Because the system is in static equilibrium, the net force on the knot must be zero in both the $x$- and $y$-directions.

find tension with mass and two supports FBD — Fig. 12.6 Image Credit: Openstax.#

The Math

The forces acting on the knot are the two string tensions and the downward weight of the pan plus the added mass. Resolving the tensions into rectangular components allows us to apply the equilibrium condition separately in the horizontal and vertical directions.

The conditions for equilibrium in each direction are

\[\begin{align*} -T_{1x} + T_{2x} &= 0. \\ T_{1y} + T_{2y} - (M+m)g &= 0. \end{align*}\]

From the geometry of the strings, the components of the tensions are

\[\begin{align*} T_{1x} &= T_1\cos\alpha_1 = \frac{1}{\sqrt{5}}T_1, \qquad &T_{1y} = T_1\sin\alpha_1 = \frac{2}{\sqrt{5}}T_1, \\ T_{2x} &= T_2\cos\alpha_2 = \frac{2}{\sqrt{5}}T_2, \qquad &T_{2y} = T_2\sin\alpha_2 = \frac{1}{\sqrt{5}}T_2. \end{align*}\]

Substituting these expressions into the equilibrium equation in the $x$-direction gives

\[ -\frac{1}{\sqrt{5}}T_1 + \frac{2}{\sqrt{5}}T_2 = 0. \]

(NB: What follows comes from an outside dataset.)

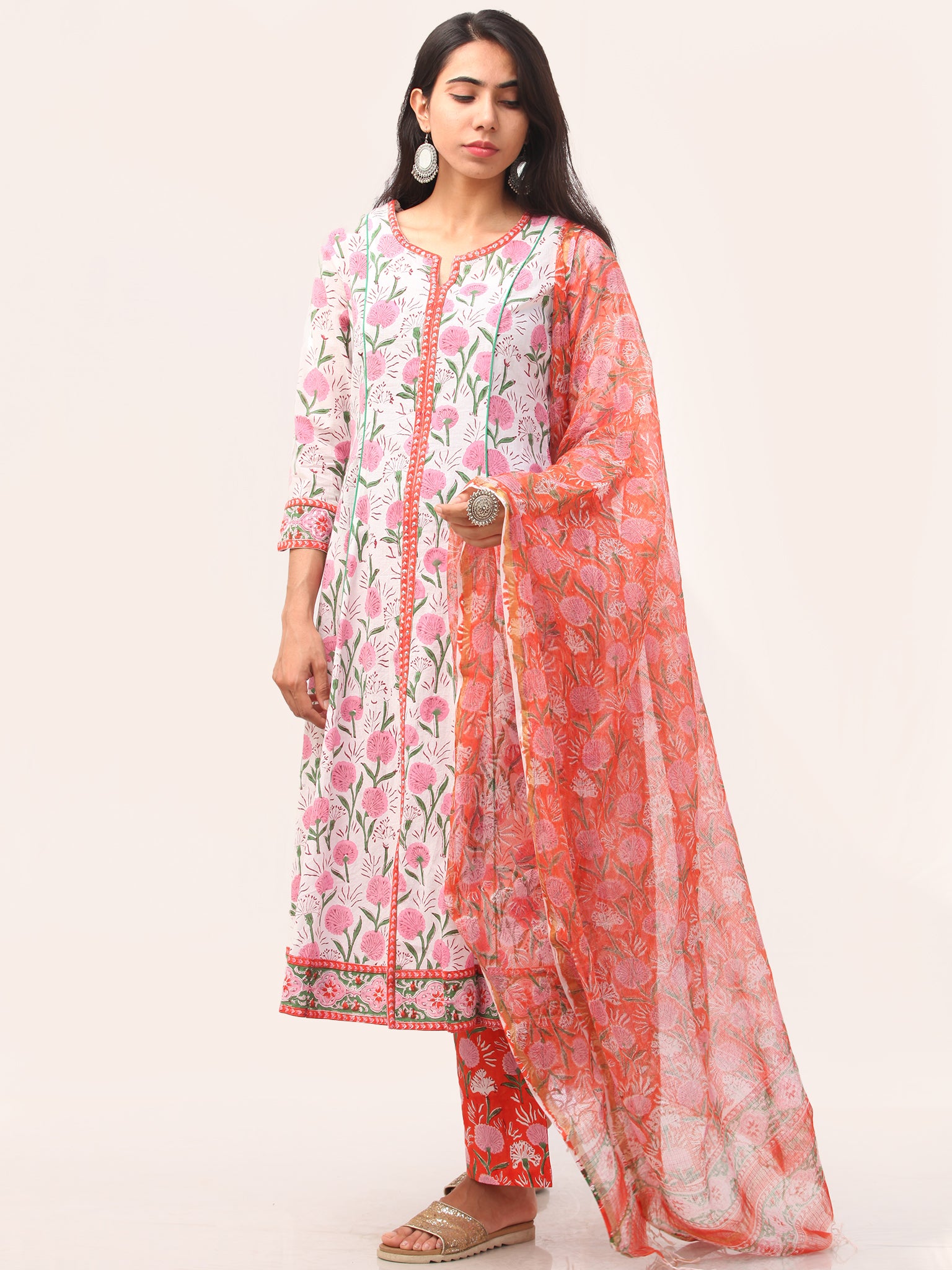 Fabric : Hand Block Printed. Kurta - Cotton. Pants - Cotton, Dupatta - Kota Doria

We multiply this equation by $\sqrt{5}$ to simplify it, which gives

\[ -T_1 + 2T_2 = 0.\]

Solving for $T_1$ gives $T_1 = 2T_2.$

This result shows that the tension in the shorter string is always twice the tension in the longer string. Therefore, the shorter $5.0\ {\rm cm}$ string will reach the maximum tension first and will snap first. We now substitute $T_2 = T_1/2$ into the equilibrium equation in the $y$-direction to determine the mass required to make $T_1$ reach its maximum value. The vertical equilibrium equation becomes

\[ \frac{2}{\sqrt{5}}T_1 + \frac{1}{\sqrt{5}}\left(\frac{T_1}{2}\right) - (M+m)g = 0.\]

Combining the terms involving $T_1$ gives

\[ \frac{2.5}{\sqrt{5}}T_1 = (M+m)g.\]

The string breaks when the tension in the shorter string reaches the critical value $T_1 = 2.80\ {\rm N}$. Solving this expression for the added mass $m$ gives

\[\begin{align*} m &= \frac{2.5}{\sqrt{5}\,g}T_1 - M \\ &= \frac{2.5(2.80\ {\rm N})}{\sqrt{5}(9.81\ {\rm m/s^2})} - 0.0420\ {\rm kg} \\ &= 0.277\ {\rm kg}. \end{align*}\]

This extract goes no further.